As antisemitic words and actions alarmingly increase in this country, that visual was one most big-city mayors would have done anything to prevent.

Not so this one. That’s as callous as it is appalling.

Silverstein courageously called Johnson out on the floor as he looked on, decrying the role he played. “I don’t understand why there was so much personal political capital put behind this when 28 alders asked for collaboration, and there was absolutely no collaboration from the other side,” she said. “You need to speak on behalf of our entire city, Mr. Mayor. It’s time to work on unifying this city instead of dividing it.”

Amen.

So how did Johnson manage to eke out the narrowest of “wins” here? Four aldermen didn’t attend the meeting, including two very senior members, Pat Dowell, 3rd, and Vice Mayor Walter Burnett, 27th. The Chicago Sun-Times reported that Johnson personally asked Burnett and Ald. Stephanie Johnson, 16th, not to attend if they couldn’t vote yes. Ald. Nicole Lee, 11th, who was among the 28 to sign Silverstein’s letter calling for the compromise, surprised aldermen in opposition by voting for the resolution despite, she said, “not being aligned with 100% of the words on this page.”

It’s fair to think that, had all 50 aldermen attended, the resolution would have failed. Some victory.

These are the kinds of political machinations ordinarily reserved for critical public-policy matters like tax increases needed to fill budget gaps, not issues that should be of matters of individual conscience. Instead, this mayor resorted to the heavy-handed tactics to get a merely symbolic resolution approved.

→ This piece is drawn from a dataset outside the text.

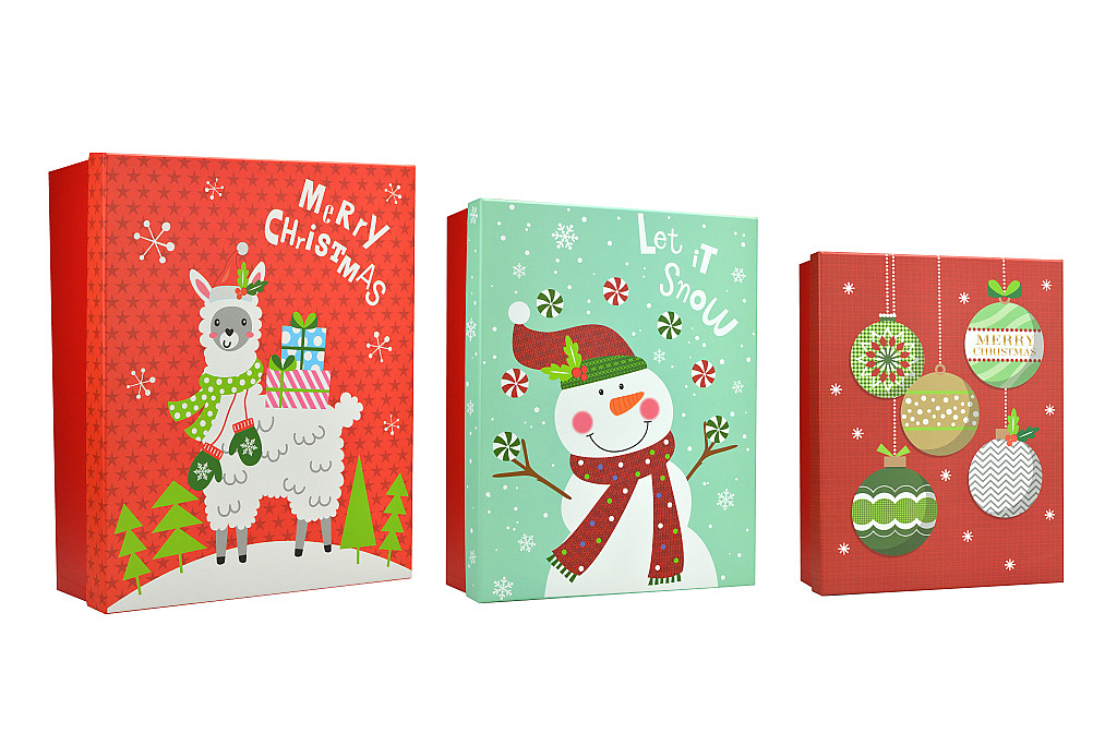 Odlište se od ostatních a darujte letos dětem dárky v krásném balení. Sada 3 ks dárkových krabic z tvrdého papíru s víkem. Krabice jsou kvalitně do detailu zpracované, hezky barevné. Uvnitř mají bílou barvu. Přibližné rozměry krabic: 35,5 x 29 x 10,5 cm 33,5 x 26,5 x 9,5 cm 30,5 x 24 x 8,5 cmVíce

Resolutions, whether in Chicago City Council or most legislative bodies, typically are feel-good votes — on issues where there’s broad public agreement and lawmakers want to reflect that. It’s rare to see one needing a mayoral tie-breaking vote in order to pass. And it doesn’t project strength. It merely reflects the intense division around an issue that we didn’t need a City Council debate to know existed.

The vast majority of us want peace in the Middle East and immediate humanitarian protections for both Israeli and Palestinian civilians. But how to achieve that is hard. The mayor easily could have insisted on a resolution, for example, that acknowledged the suffering being experienced by both Palestinians and Israelis and called for a cease-fire only upon the release of hostages. That would have garnered an overwhelming majority, and the council could move on to issues over which it has some control.

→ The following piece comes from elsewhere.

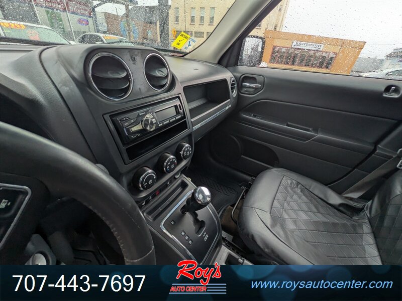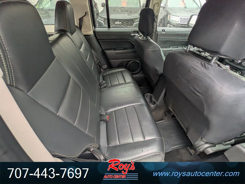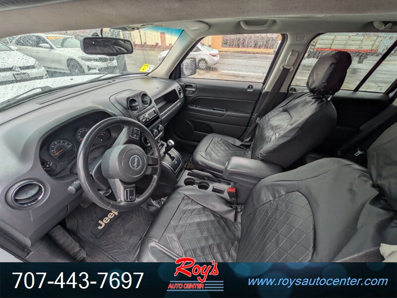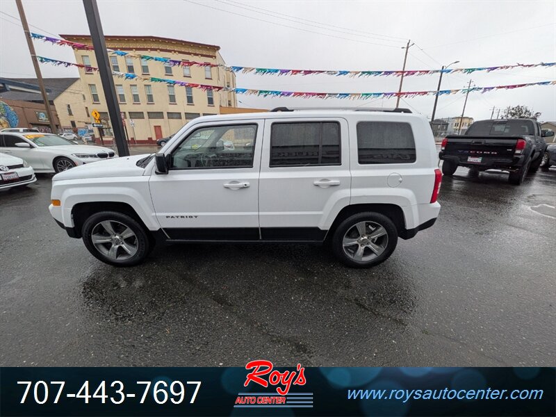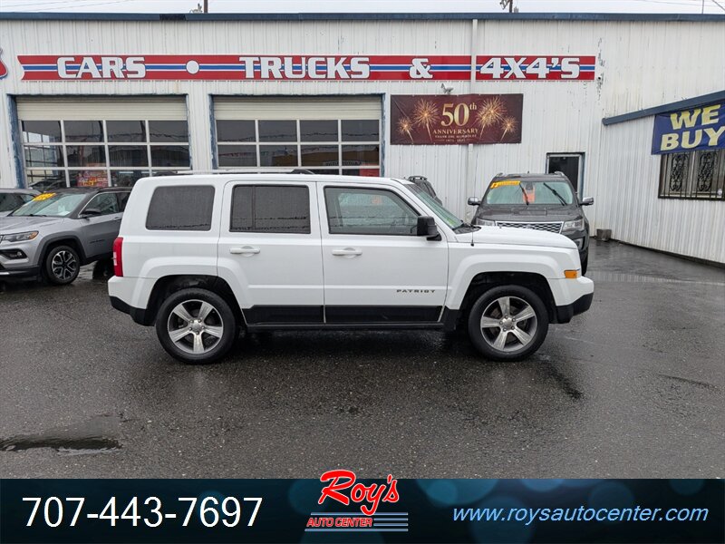 2016 Jeep Patriot High Altitude with a 2.0L I4 (158 hp, 141 lb-ft), finished in Bright White Clear Coat with Black leather-trimmed interior and in excellent overall condition. Factory equipment includes leather-trimmed seating surfaces, a leather-wrapped steering wheel with mounted audio controls, air conditioning, cruise control, power windows and door locks, and remote keyless entry. Infotainment features include Uconnect AM/FM/MP3 with Bluetooth hands-free calling and audio streaming, plus USB and auxiliary inputs. Standard safety and convenience items include front and side airbags, side-curtain airbags, ABS, electronic stability and traction control, tire pressure monitoring, a 60/40 split-folding rear seat and roof rails.

It doesn’t take a diplomatic genius to know that an unconditional cease-fire, which is what the 23 aldermen plus Mayor Johnson are calling for, isn’t going to achieve any sort of stable peace. There are intense negotiations happening as we write. That is the way to get to a cease-fire. All Johnson accomplished by siding with the most strident voices on this issue was to further inflame a city that already feels disturbingly unstable under his leadership. This resolution doesn’t reflect the views of the nation’s third largest city to the broader world — not when it required LBJ-like arm-twisting to achieve.

And the cost of this performative nonsense? As Silverstein eloquently stated on the council floor, Jews in the city now feel even more alone and unsafe than they did before this action. “One-sided, biased resolutions like this one are part of the reason why hate against Jews is spiking,” she said.

Mr. Mayor, encouraging hate against more than 100,000 of your residents, based on their religious or ethnic identity, is hardly “leading with love,” as you like to say you do.

Here’s what Johnson said at the recent opening in Chicago of the Parliament of the World’s Religions: “As mayor of the city of Chicago, I will continue to bring people together, surrounded by our commonality of loving one another, loving people enough to invest in people.”

Is that what you did on Wednesday, Mr. Mayor? The answer to that is no. Not by a long shot.